De chronische myeloïde leukemie (CML) is een speciaal subtype van leukemie waarbij de witte bloedcellen in het bloed ziek worden en een schadelijk effect hebben op het hele organisme. Maar hoe kan CML precies worden vastgesteld? En hoe kan chronische myeloïde leukemie worden behandeld?
Wat is chronische myeloïde leukemie?
Chronische myeloïde leukemie is verraderlijk en veroorzaakt vaak jarenlang geen symptomen. Zelfs in de vroege stadia van de ziekte kan een routinebloedonderzoek een toename van het aantal witte bloedcellen (leukocyten) en de aanwezigheid van onrijpe bloedcellen aantonen.© peterschreiber.media - stock.adobe.com
Bij chronische myeloïde leukemie worden de witte bloedcellen, leukocyten genaamd, aangetast. Deze bloedcellen zijn gemaakt van stamcellen die in het beenmerg worden aangetroffen. De taak van de witte bloedcellen is enerzijds om ziekteverwekkers en celresten te vernietigen, maar anderzijds ook om het immuunsysteem te ondersteunen.
Als u CML heeft, kunnen de leukocyten niet volledig rijpen en zijn ze daardoor functioneel. Tegelijkertijd is er een sterke en continue toename van defecte leukocyten in het bloed en het beenmerg.
Als de chronische myeloïde leukemie voortschrijdt, verdringen deze leukemiecellen de gezonde bloedcellen, wat leidt tot een acuut tekort aan rode en functionele witte bloedplaatjes en bloedplaatjes.
De ziekte heeft meestal meerdere jaren geen symptomen en is daarom in de beginfase, de chronische fase, moeilijk te herkennen. De CML moet worden onderscheiden van acute myeloïde leukemie.
oorzaken
De oorzaak van een ziekte door chronische myeloïde leukemie is meestal de genetische afwijking van de genetische samenstelling. De CML is meestal het zogenaamde Philadelphia-chromosoom, dat wordt verkort en dus overmatige activiteit van het tyrosinekinase veroorzaakt.
Dit enzym is dan verantwoordelijk voor de drastische toename van het aantal leukocyten in het bloed.
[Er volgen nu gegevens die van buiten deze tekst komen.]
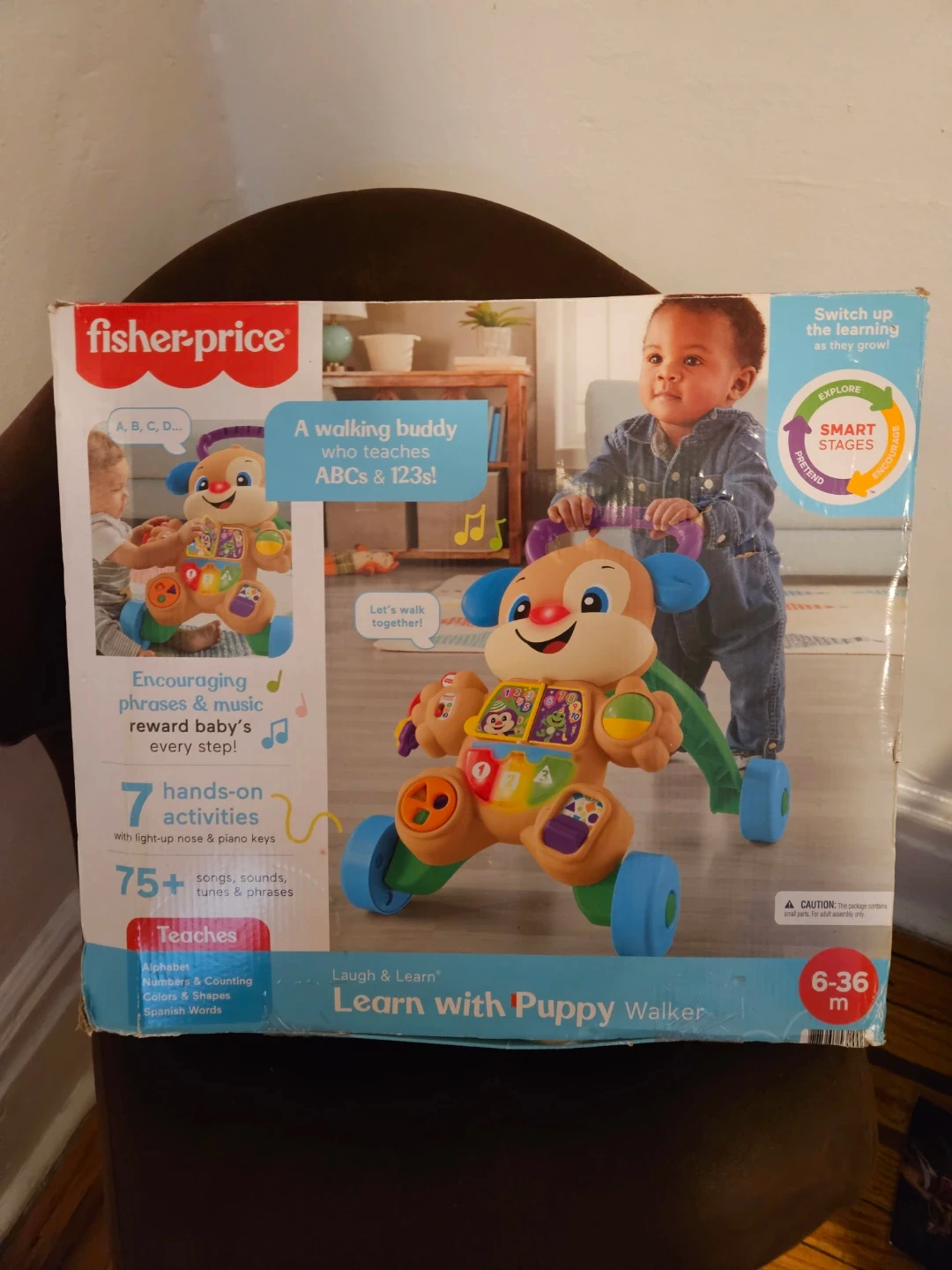 Fisher-Price Laugh & Learn walker that teaches ABCs and 123s. It has 7 hands-on activities with light-up nose and piano keys. Includes over 75 songs, sounds, tunes, and phrases. For ages 6-36 months.
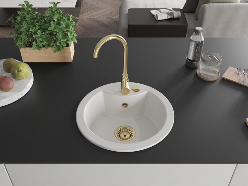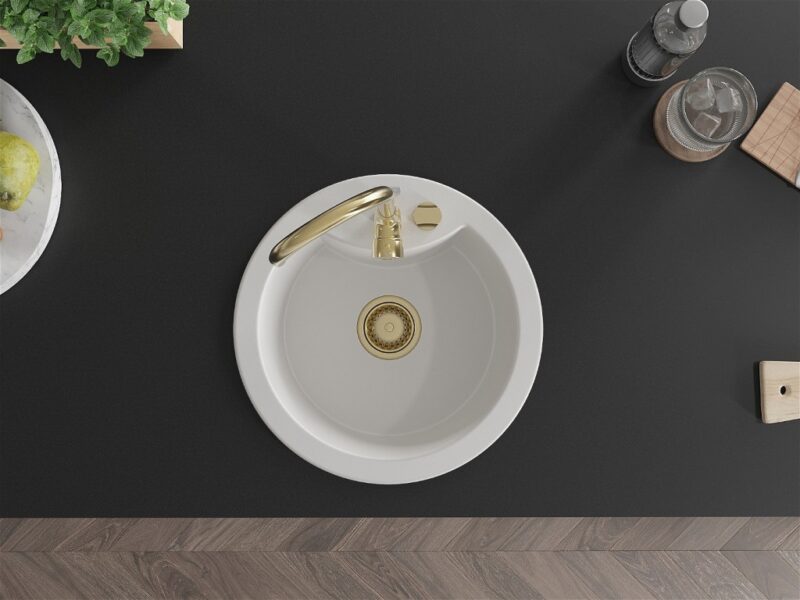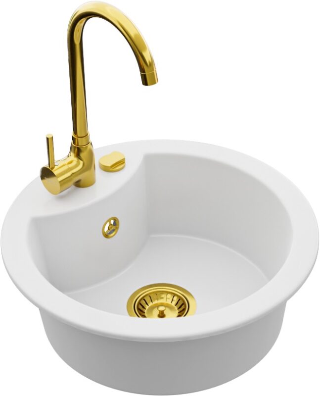 Technické dáta: drez: Rozmery: 488 x 488 x 167 mm Hĺbka komory: 157 mm Šírka komory: 406 mm Priemer odtoku: ø90 mm Typ: 1-komorový Typ: Zapustené do pracovnej dosky biela farba Povrchová úprava sifónu: zlatá Materiál: žula (80% žulové kamenivo, 20% živice) Prepadový otvor: Áno Otvory: (batérie, automatické) 2 Vysoká odolnosť proti poškriabaniu a zmene farby Odolnosť proti tepelným šokom Ľahko čistiteľný povrch Jeden dodatočný vyfrézovaný otvor na samodierovanie ø35 kuchynská batéria: Materiál: mosadz Farba: Zlatá Hlava: Keramická Prevzdušňovač: Áno Výška batérie: 335 mm Rozsah výtoku: 180 mm(GT) Ean: 5907709160484
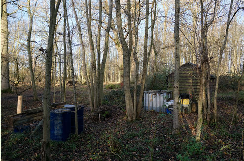Accessed via a charming private track, the approach winds through the site past a small pond before reaching the heart of the woodland. At its centre, several generous glades open out, offering space for parking and a range of woodland pursuits. A practical shed is also located here, providing useful storage and shelter.
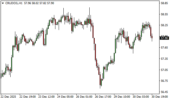 Vývoj ceny ropy WTI (1hodinový graf - H1):
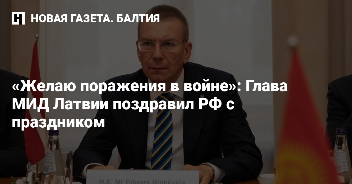 12 июня россияне отмечают государственный праздник День России. По этому случаю министр иностранных дел Латвии Эдгар Ринкевич пожелал РФ поражения в агрессивной войне против Украины.
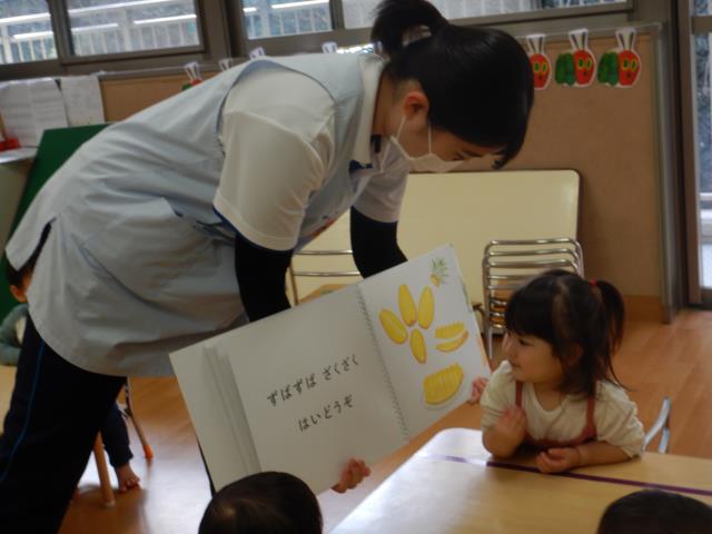朝の隙間時間でカード遊び♩保育者の言葉を復唱して言えたお友達は、その食べ物のカードをゲット!
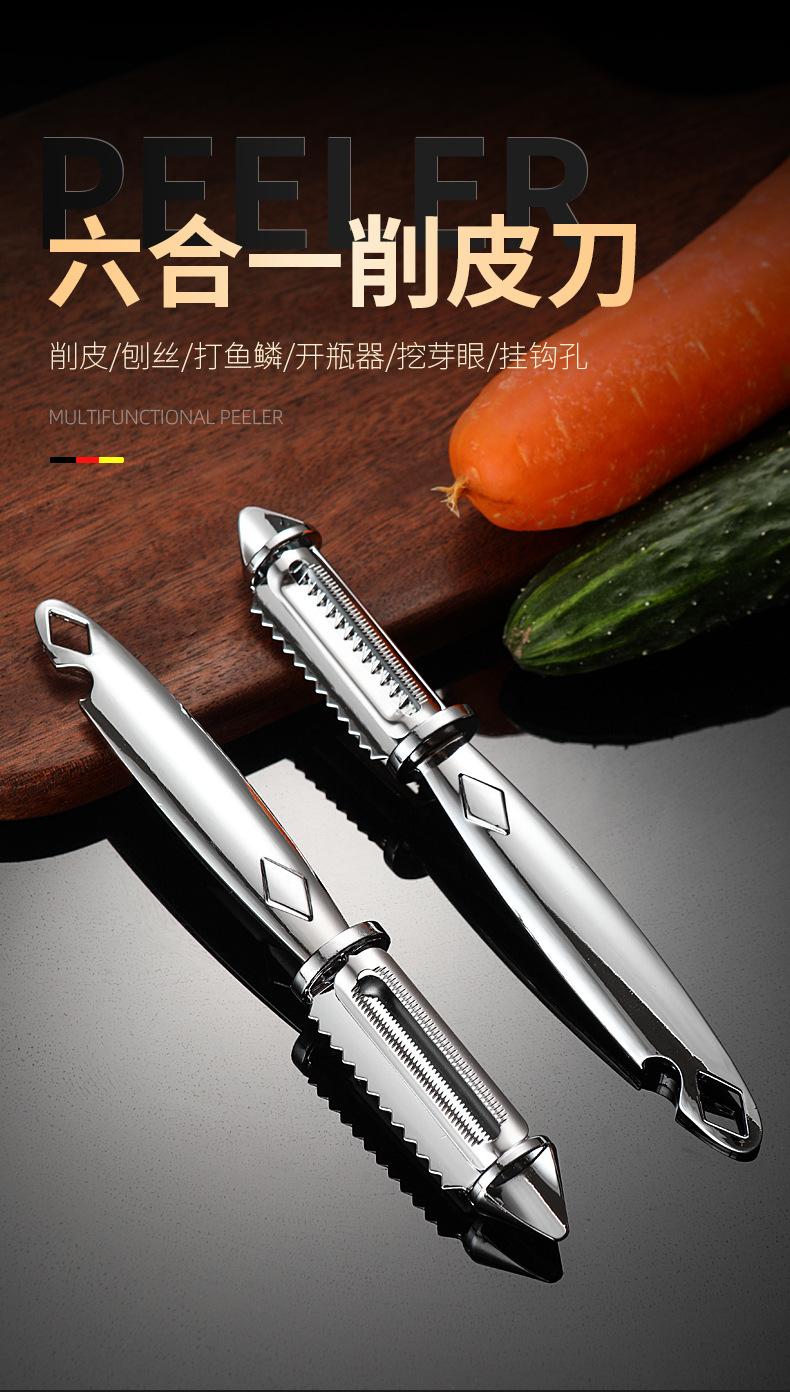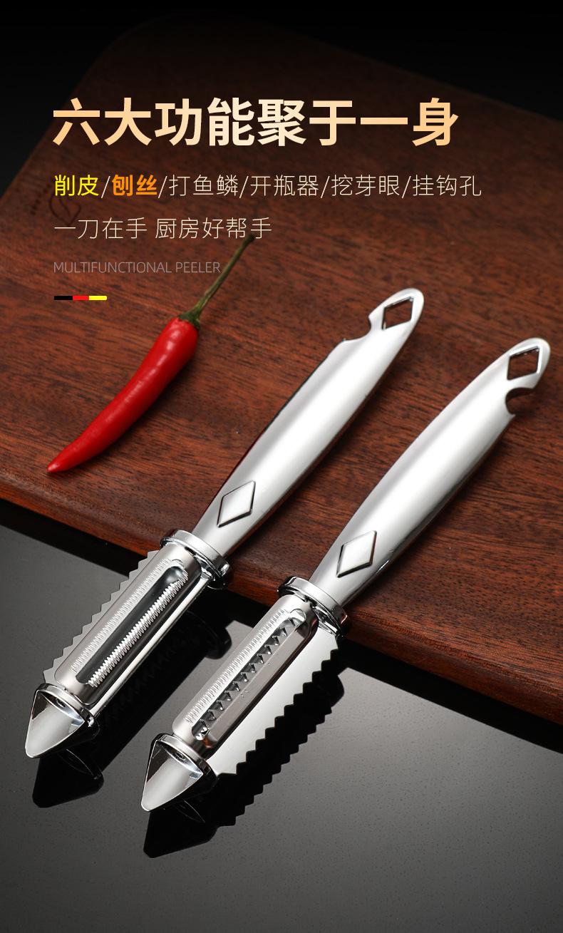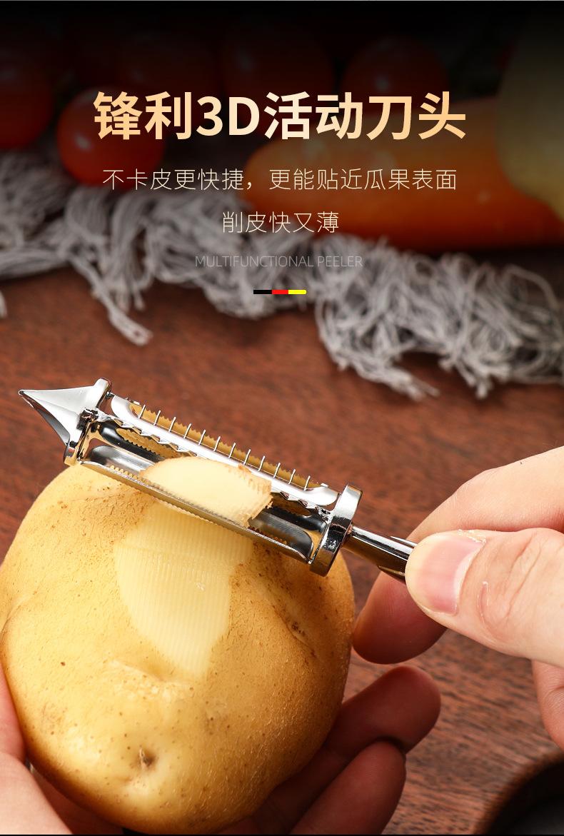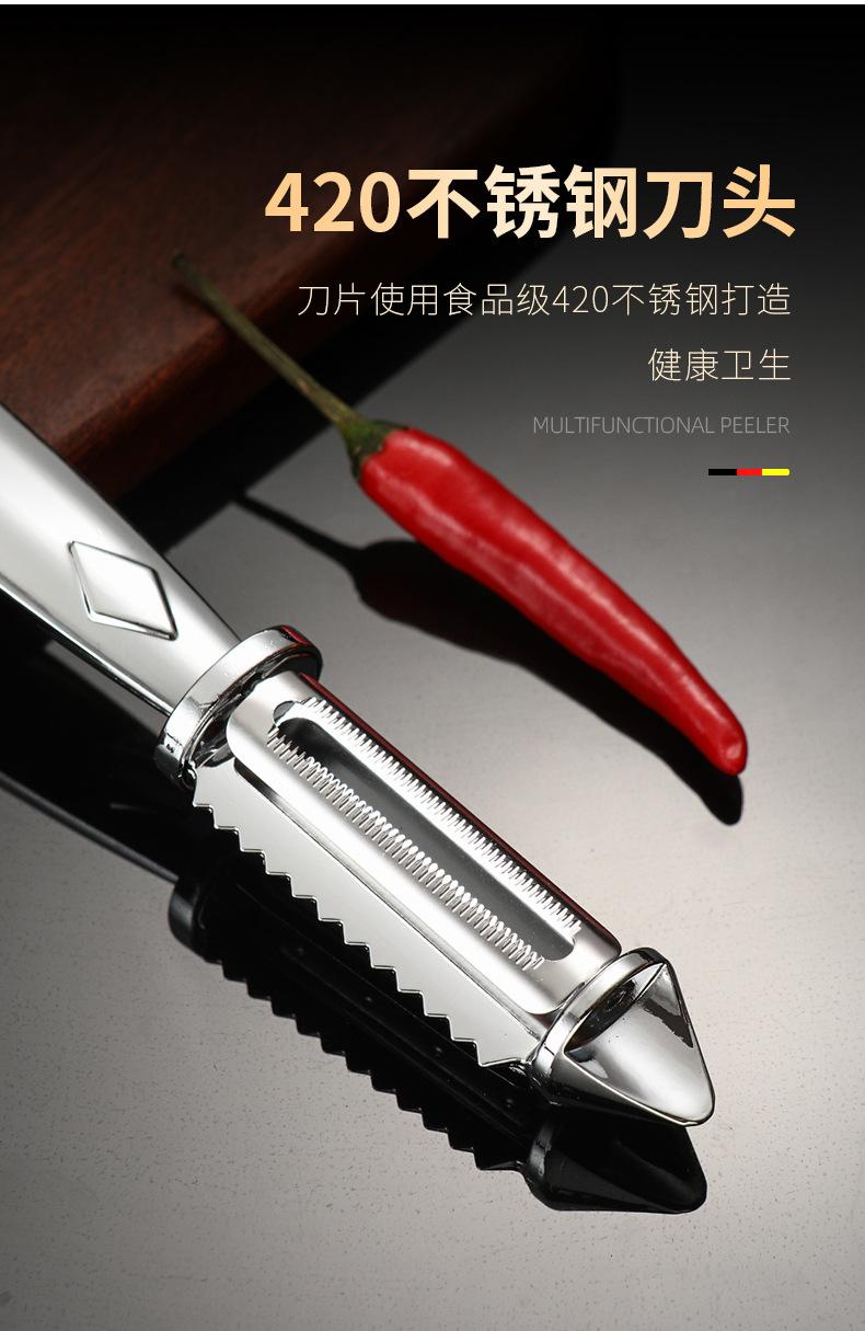 Pelador de acero inoxidable de doble cara para pelar patatas, rallador, cocina, fruta, hogar, multifuncional, rallador de melón, raspador
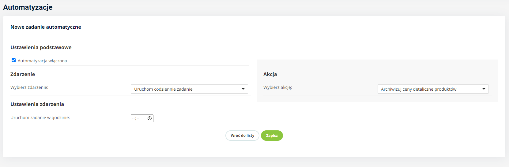 Moduł historii ceny – umożliwia dodanie na karcie produktu najniższej ceny z ostatnich 30 dni. Zarchiwizowaną cenę można dodać ręcznie w edycji produktu, przechodząc do nowej zakładki „Historia ceny” lub automatycznie wykorzystując do tego nowy moduł „Automatyzacje” oraz już gotową automatyzacje „Archiwizuj ceny detaliczne produktów”
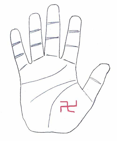 Еще раз посмотрите на свою линию жизни, только теперь устремите взгляд в ее начало. Если от нее идет вертикальная линия, пересекающая линию головы — это хороший знак. Особенно, если она заканчивается небольшим прямоугольником, напоминающим флаг. Этот знак уговорит о том, что вам скорее всего предречена счастливая старость. Нередко у людей с таким знаком есть талант к писательству.Свастика
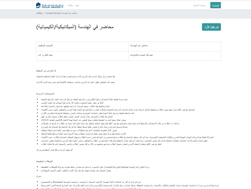 وظيفة جامعة.. أعلنت جامعة مسقط عن فتح باب التقديم لشغل وظيفة محاضر في تخصصات الهندسة، وذلك ضمن خطتها لتطوير العملية التعليمية وتعزيز جودة البرامج الأكاديمية في كلية الهندسة والتكنولوجيا.
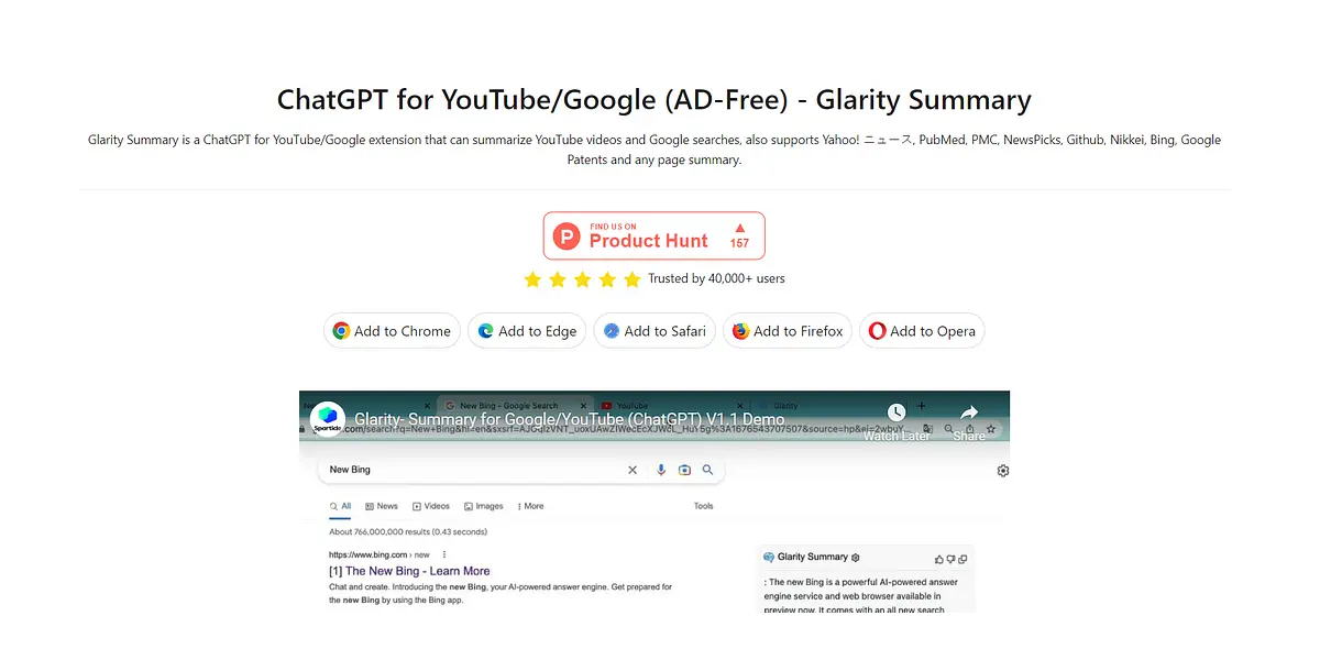 Glarity is a browser extension that provides a personal ChatGPT assistant to help you summarize YouTube videos and Google search results. With support for multiple websites, including Yahoo! PubMed, PMC, NewsPicks, Github, Nikkei, Bing, and Google Patents, Glarity is trusted by over 40,000 users worldwide.

Artsen noemen benzeen, ioniserende en radioactieve straling en virussen ook als risicofactoren voor het ontwikkelen van CML. De exacte oorzaken zijn echter nog onbekend, ondanks de huidige stand van medisch onderzoek.
Symptomen, kwalen en tekenen
Chronische myeloïde leukemie is verraderlijk en veroorzaakt vaak jarenlang geen symptomen. Zelfs in de vroege stadia van de ziekte kan een routinebloedonderzoek een toename van het aantal witte bloedcellen (leukocyten) en de aanwezigheid van onrijpe bloedcellen aantonen. De eerste waarneembare symptomen zijn vaak verminderde prestaties, vermoeidheid, depressieve stemmingen en verminderde eetlust - deze klachten zijn zeer onspecifiek en kunnen ook worden veroorzaakt door andere, veelal ongevaarlijke, gezondheidsproblemen.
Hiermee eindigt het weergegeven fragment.